例えばうちの場合も、一回目のときはまだ見に行っていなかったりして、中身が分からない。でも、申請書を頂いたら、今年はちょっと内容知らないから助成できるかどうか判断できないけど、今年中に公演があったら見に行こうと思う訳です。
あと、審査員なんかにも、「この団体から申請書を頂いているんですけれども、アドバイザーの先生方、ご覧になりました?」って聞くわけです。
すると、審査員も、あ、見とかなきゃと思う訳です。
それからこれは最近の良くない傾向だと思うんですけれども、割とどこの財団も審査員が被っているという状況が起きていて、それで度々見たりして、審査員自身も「私、勉強不足かな?」と思って見に行かなきゃと思う訳です。私はおススメしますね、割と。

ヲザキさん:
申請書は量を書けば要領を覚えますからね、作戦を立てられる。しかも毎年どんどん変わってますから、特に文化庁系は私もついていけない(笑)。
それに、予算書って書くのめんどくさいじゃないですか、はっきり言って(笑)。煩雑さは慣れでしか解決しない部分があるので、量を書いた方がいいと思います。

モデレーター:
「この団体の申請書、また見た」という事をマイナスでとらえられる心配をするよりも、そこで申請書をブラッシュアップして毎年どんどん変えていけばいいという事ですか?

ヲザキさん:
どんどん進化していけばいいんですよ。カンパニーやアーティストとして活動していく中で、きちんと積み上げて活動を更新していく必要を出していく。
そこで得た新しさを申請時にアピールしないとまずいな、ていうことにつながっていくといいなと思います。

モデレーター:
恐らく制作の側も、その観点で作品を見続けることによって、自分の団体でしか出せない特徴とか活動の意義が、いろいろな言葉を知っていく中で、出来上がっていく可能性がありますね。

ヲザキさん:
芸術文化振興基金の「舞台芸術等の創造普及活動」と「トップレベルの舞台芸術創造事業」の助成金申請の大きな違いは、「トップレベルの~」は、今後3カ年、どういう計画を立てているか、その計画がそのカンパニーで具体的に成されているかなど、次のステップとして、長期展望が考えられるようになってないといけない。

≪質問(2) ≫
新規の団体は採用されにくいのでしょうか?実績のある団体ばかりが採用されているように思います。

久野さん:
正直、採択されづらいです。ある程度活動実績があるところが、実力を見せているということですので、そこは重要です。

ヲザキさん:
活動を始めたばかり、ということであれば、評価する軸が無いので確かに採択されづらいと思います。

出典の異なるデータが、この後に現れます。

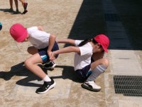 先生が指定した人数でグループを作っています。数の学習ですね。
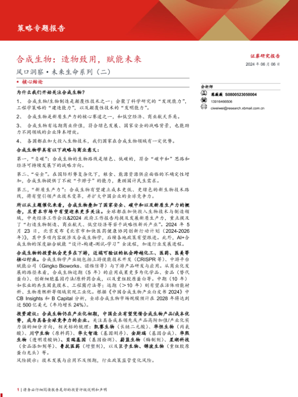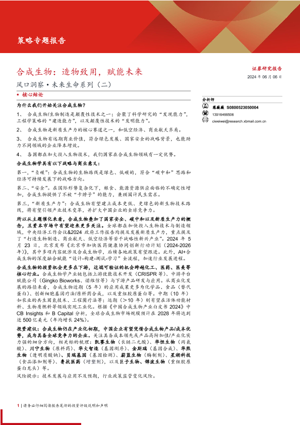 【西部证券】【20240606】风口洞察·未来生命系列(二)-合成生物:造物致用,赋能未来-14页
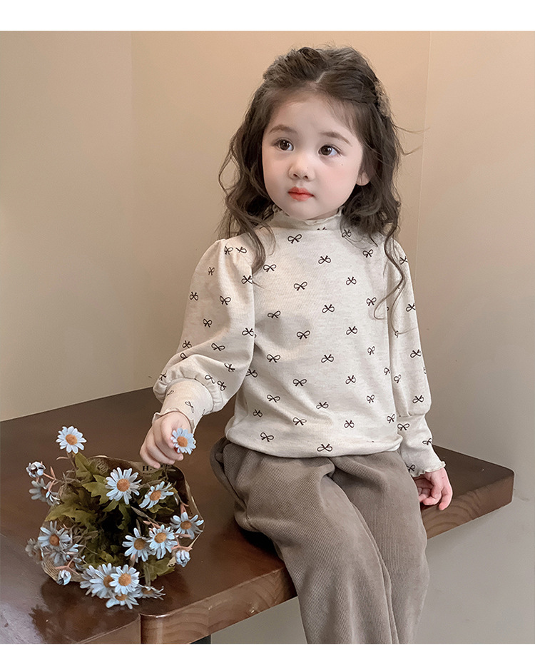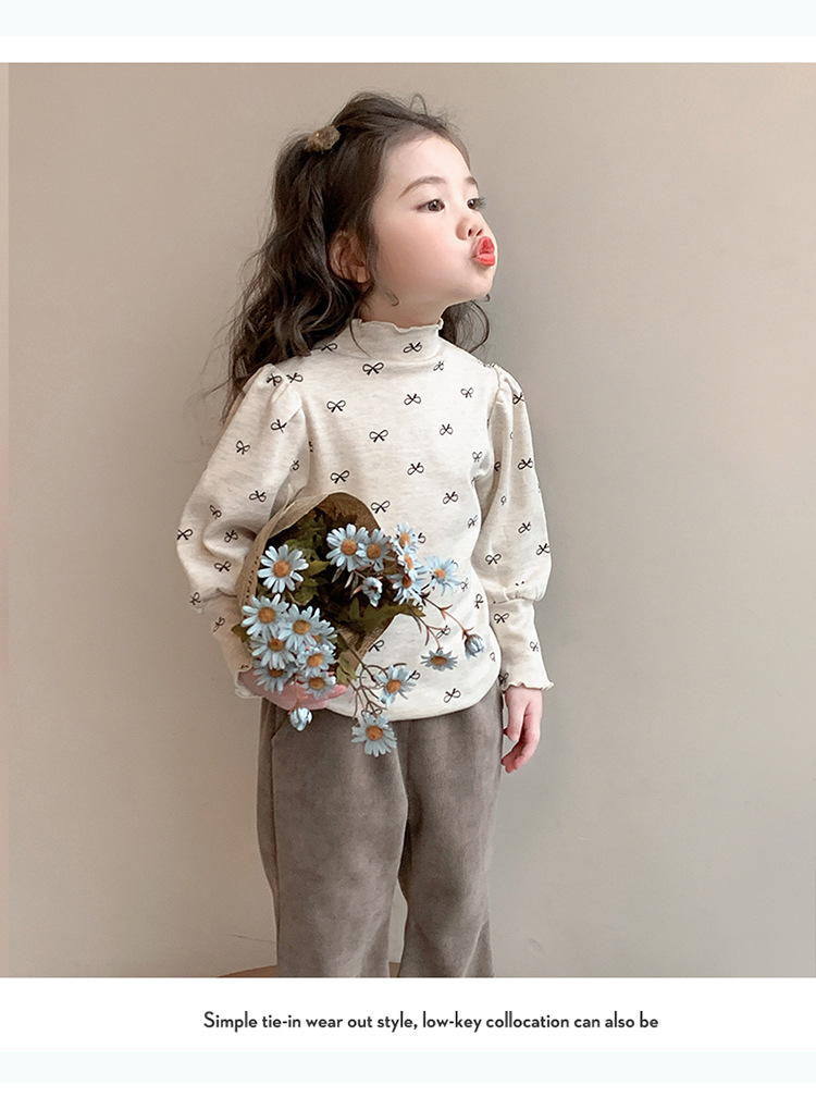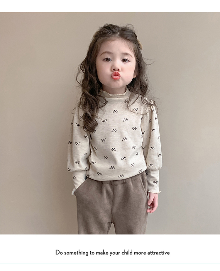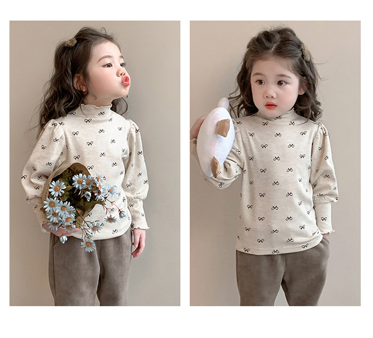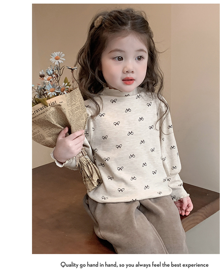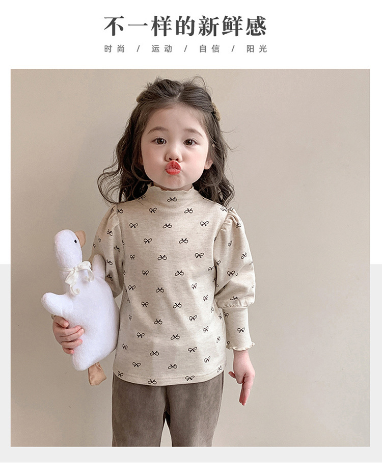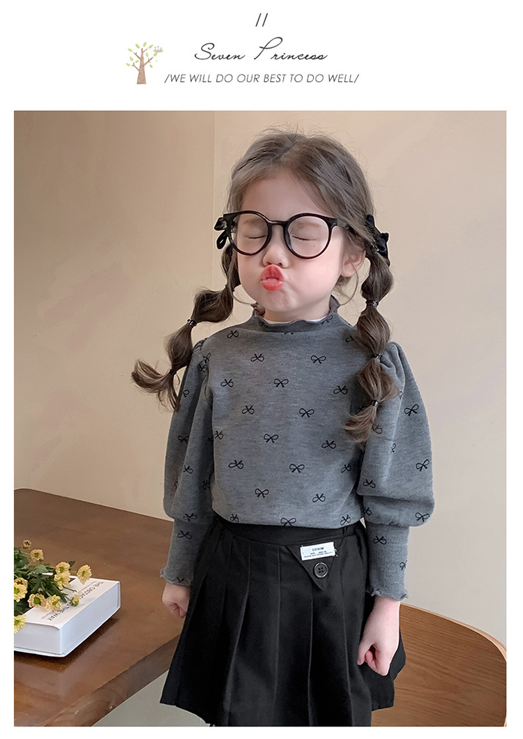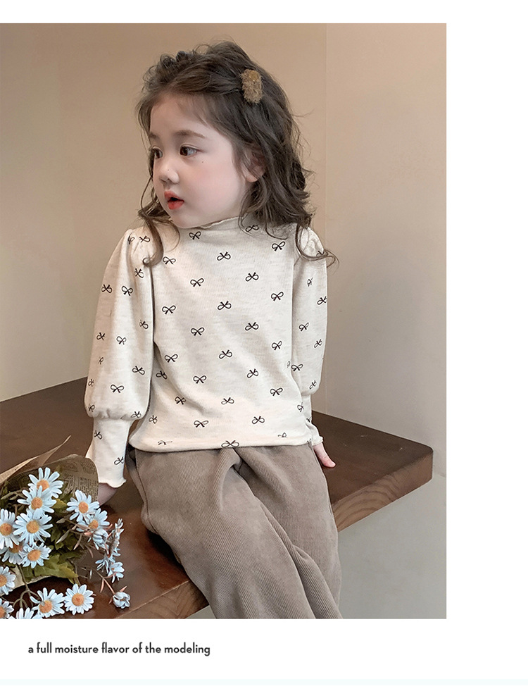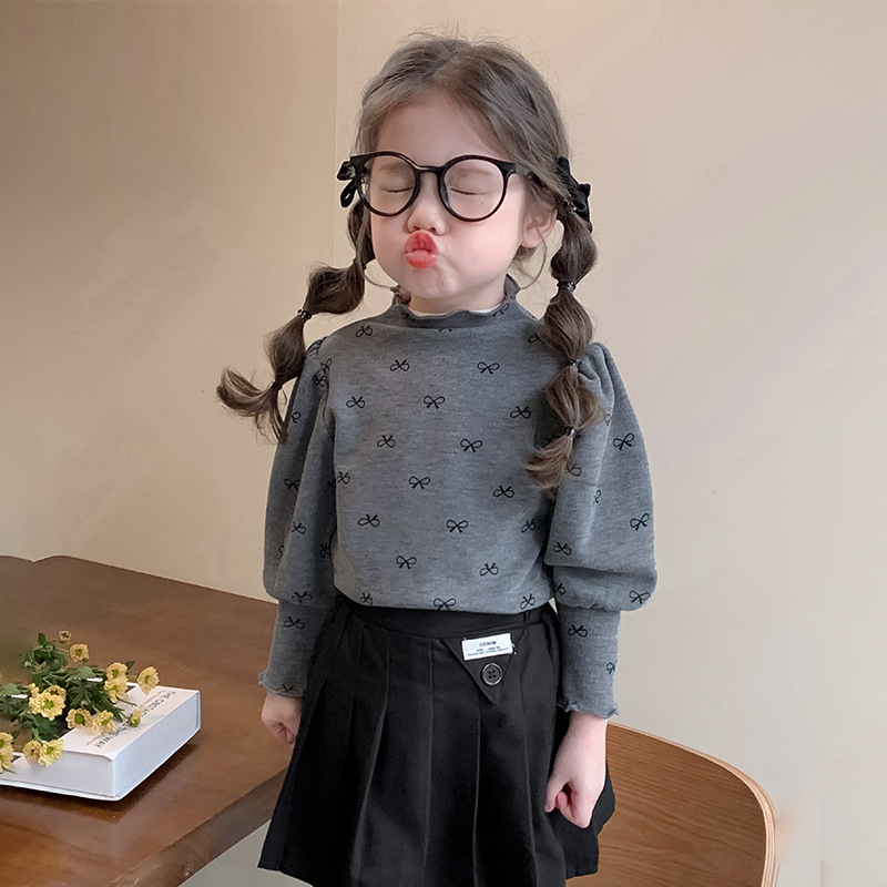 만화 캐릭터 어린이 리본 얇은 벨벳 이너웨어 2025 겨울 가을 신상 여아용 패셔너블한 베이스 셔츠 아동복 도매스토어 가기

また制作者として経験が浅いと、具体的な活動に対していくら費用がかかるという計算が出来ないので、申請は出し続けることが重要だと思います。重要なのは、やはり実際の活動の状況だと思います。長くやっていれば採択される訳でもなく、緩やかにでも採択されるカンパニーは新陳代謝していると思います。

≪質問(3) ≫<
ミュージカルというのはどのジャンルにあたるのですか?

ヲザキさん:
演劇です。 ミュージカルにしかない費目(例:ミュージシャン委託、楽器賃借 等)を、ストレートプレイの費目の上に重ねて頂ければ、音楽でもなく舞踊でもなく確実に演劇の中のワンジャンルとしてカテゴライズされます。

久野さん:
私たちの場合は、ミュージカルまでに手が伸びていなく、現代演劇・現代舞踊にフォーカスしている部分が通常なので…そもそもジャンルの設定があるということがおかしいなと思うところがあります。人形劇など、なかなか採択されにくいということがあり、私たちも悩んでいるところです。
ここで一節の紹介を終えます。